**What needs to be done:** Below are some records; output exactly the lines from the line with "Diverse dames wollen/puffer" to the line with "CHICKEN DADDY Rooster", both ends kept, and nothing more.

**Information provided:**
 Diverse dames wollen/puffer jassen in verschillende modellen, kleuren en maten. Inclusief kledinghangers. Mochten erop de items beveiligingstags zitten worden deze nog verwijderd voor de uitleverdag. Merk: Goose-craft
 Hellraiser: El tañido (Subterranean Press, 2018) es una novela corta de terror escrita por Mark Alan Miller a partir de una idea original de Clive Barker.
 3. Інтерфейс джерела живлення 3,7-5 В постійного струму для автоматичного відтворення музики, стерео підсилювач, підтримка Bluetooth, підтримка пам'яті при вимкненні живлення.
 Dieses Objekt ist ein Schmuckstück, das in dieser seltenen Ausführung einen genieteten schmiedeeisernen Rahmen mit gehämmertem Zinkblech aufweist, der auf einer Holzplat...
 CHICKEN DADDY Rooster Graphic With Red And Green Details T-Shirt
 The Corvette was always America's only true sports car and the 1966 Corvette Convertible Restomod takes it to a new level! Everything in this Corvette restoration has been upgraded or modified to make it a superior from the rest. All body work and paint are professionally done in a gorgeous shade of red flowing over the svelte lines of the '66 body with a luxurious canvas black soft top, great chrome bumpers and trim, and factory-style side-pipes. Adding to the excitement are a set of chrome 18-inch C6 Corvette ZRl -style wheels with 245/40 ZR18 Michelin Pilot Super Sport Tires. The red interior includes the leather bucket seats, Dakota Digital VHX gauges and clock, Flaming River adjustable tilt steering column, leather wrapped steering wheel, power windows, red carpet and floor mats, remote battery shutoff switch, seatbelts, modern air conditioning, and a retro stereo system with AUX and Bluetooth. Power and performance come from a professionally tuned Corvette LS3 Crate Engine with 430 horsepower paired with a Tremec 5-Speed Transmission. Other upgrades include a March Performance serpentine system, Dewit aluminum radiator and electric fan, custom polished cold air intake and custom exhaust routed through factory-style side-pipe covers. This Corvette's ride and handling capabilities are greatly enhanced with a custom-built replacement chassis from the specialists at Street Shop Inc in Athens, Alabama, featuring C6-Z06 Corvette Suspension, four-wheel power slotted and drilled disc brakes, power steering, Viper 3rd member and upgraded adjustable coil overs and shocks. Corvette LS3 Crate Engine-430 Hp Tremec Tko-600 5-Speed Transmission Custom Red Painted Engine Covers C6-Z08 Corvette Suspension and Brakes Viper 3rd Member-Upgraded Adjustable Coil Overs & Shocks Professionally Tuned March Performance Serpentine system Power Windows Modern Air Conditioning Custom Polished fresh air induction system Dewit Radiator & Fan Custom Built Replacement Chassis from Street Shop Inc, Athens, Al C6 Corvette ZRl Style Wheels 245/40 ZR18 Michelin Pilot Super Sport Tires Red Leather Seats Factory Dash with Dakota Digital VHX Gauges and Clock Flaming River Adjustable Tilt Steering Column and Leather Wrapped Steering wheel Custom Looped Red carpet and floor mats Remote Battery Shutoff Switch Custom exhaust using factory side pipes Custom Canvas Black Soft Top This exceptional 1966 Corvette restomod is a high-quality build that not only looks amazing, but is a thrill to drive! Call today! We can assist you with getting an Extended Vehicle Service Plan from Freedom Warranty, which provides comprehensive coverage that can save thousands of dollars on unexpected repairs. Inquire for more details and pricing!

---

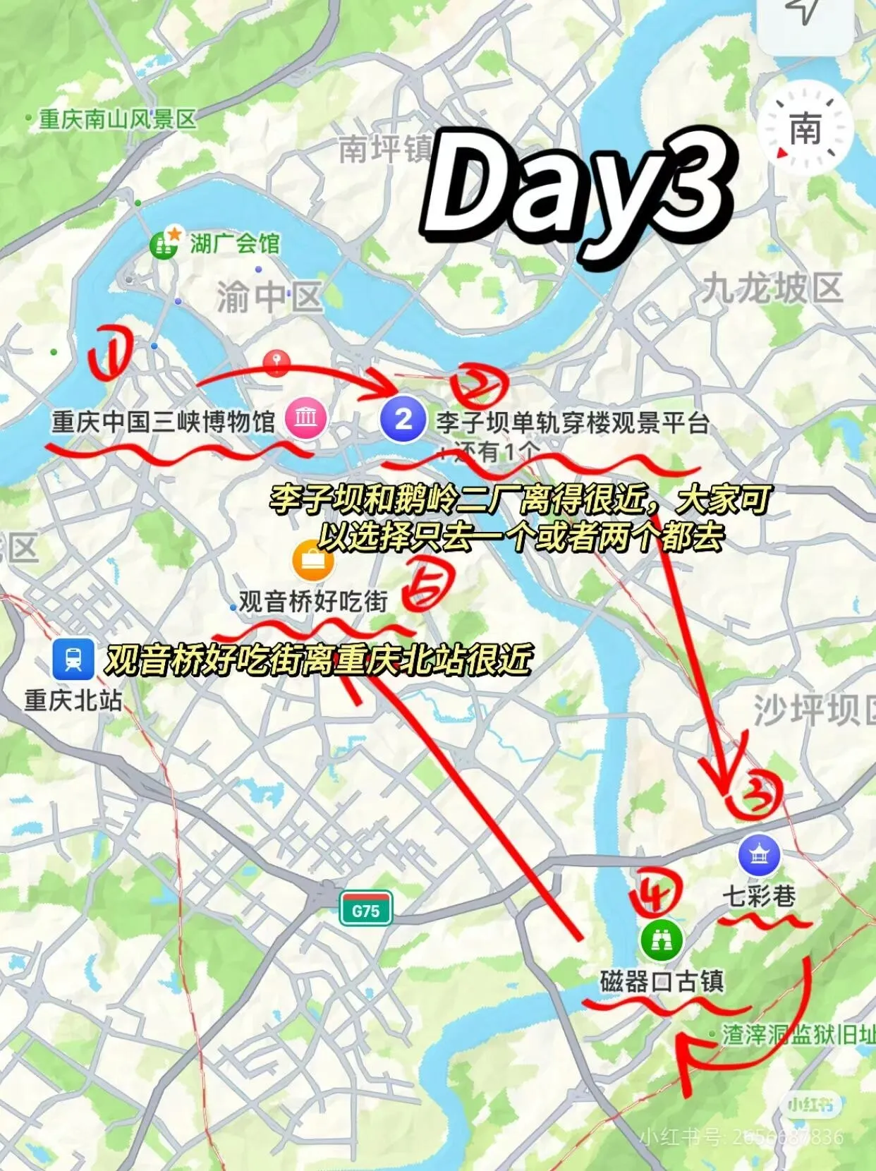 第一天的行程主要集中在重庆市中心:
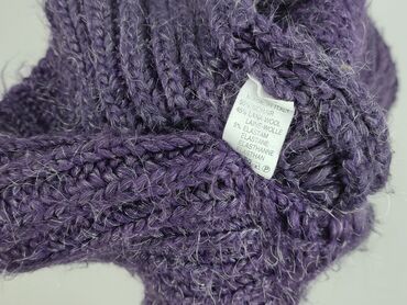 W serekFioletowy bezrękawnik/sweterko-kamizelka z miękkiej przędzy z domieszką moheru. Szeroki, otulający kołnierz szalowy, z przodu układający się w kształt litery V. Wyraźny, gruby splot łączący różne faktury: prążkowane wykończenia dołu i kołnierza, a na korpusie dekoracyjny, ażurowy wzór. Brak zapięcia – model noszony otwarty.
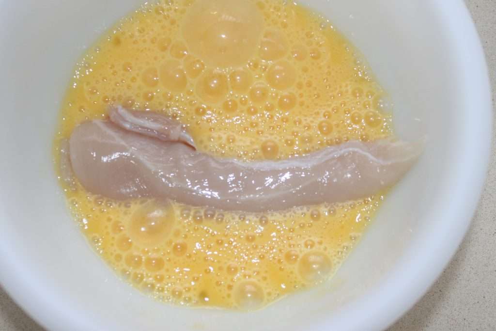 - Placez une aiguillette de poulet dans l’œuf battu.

**Solution to this problem:**
 Diverse dames wollen/puffer jassen in verschillende modellen, kleuren en maten. Inclusief kledinghangers. Mochten erop de items beveiligingstags zitten worden deze nog verwijderd voor de uitleverdag. Merk: Goose-craft
 Hellraiser: El tañido (Subterranean Press, 2018) es una novela corta de terror escrita por Mark Alan Miller a partir de una idea original de Clive Barker.
 3. Інтерфейс джерела живлення 3,7-5 В постійного струму для автоматичного відтворення музики, стерео підсилювач, підтримка Bluetooth, підтримка пам'яті при вимкненні живлення.
 Dieses Objekt ist ein Schmuckstück, das in dieser seltenen Ausführung einen genieteten schmiedeeisernen Rahmen mit gehämmertem Zinkblech aufweist, der auf einer Holzplat...
 CHICKEN DADDY Rooster Graphic With Red And Green Details T-Shirt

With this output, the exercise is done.